Statute spine · Data principal

DPDP Act, 2023: rights and duties of data principals

Audience: support, legal-ops, trust, product · Linked from the chapter map · Last reviewed: March 2026

See also: Compliance portal · Official resources · Guides index

This cluster is where the law meets tickets. Data principals—the individuals the data is about—have a structured set of rights that must become routing rules, SLAs, identity checks, and completion records.
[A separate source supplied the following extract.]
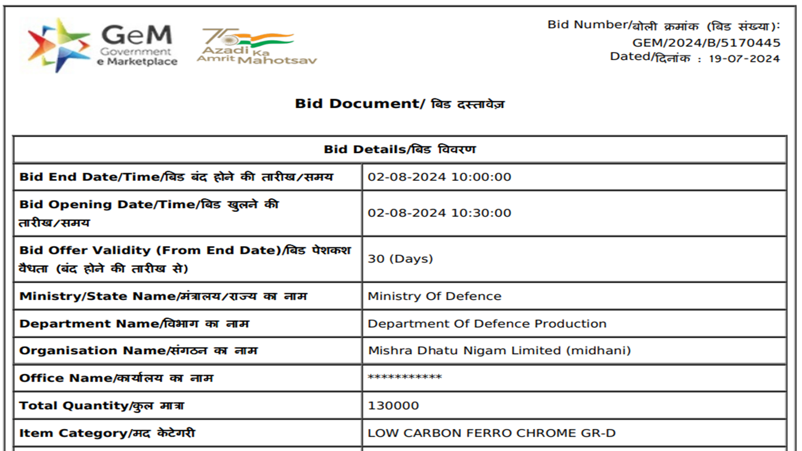 India’s Ministry of Defence has floated a purchase tender for 130 t of low carbon ferro chrome (Cr-60%, C: 0.05% max, size: 25-100 mm) for its Mishra Dhatu Nigam Limited (Midhani) unit. The last date for bid submission is 2 Aug’24 and the bid-offer is valid for 30 days from the date of the auction. Ferro chrome prices were assessed at INR 108,600/t exw-Jajpur on 19 Jul’24.

Principal-side duties also matter when requests are abusive or when accuracy depends on user input.

If your organization cannot explain, in one internal page, how each right is requested, validated, fulfilled, and logged, you are not yet “rights-ready”; you are hoping for low volume.

Request-handling guides and checklists aligned with principal-side rights.

Rights at a glance (operational framing)

  • Access and transparency about processing — Principals need a credible path to understand what you hold and how it is used; your CRM exports and admin tooling must match the story your notice tells.
  • Correction — Workflows for structured profile data and messy human records (support notes, onboarding emails) need owners.
  • Erasure — Deletion interacts with backups, retention law, accounting records, and security logs; document what is deleted, minimized, or retained under counsel-approved rationale.
  • Grievance redressal — A visible escalation path that does not become a black hole; align with your public grievance channel commitments.
  • Nomination — Less common in day-one implementation, but high impact when needed: define how you verify authority without creating new security risks.

What to do next (program steps)

  1. Single intake — One form or email path with clear categories (access / correction / deletion / other). Avoid scattered inboxes.
  2. Triage rules — Which systems are searched first, who approves unusual exports, and when legal must be in the loop.
  3. Identity proportionality — Use checks that match risk; document the standard so agents do not improvise under pressure.
  4. Completion and appeals literacy — Train frontline teams on closure wording and where principals can escalate under the Act’s framework.
  5. Fiduciary linkage — Rights responses depend on accurate upstream processing; pair this cluster with the fiduciary obligations spine.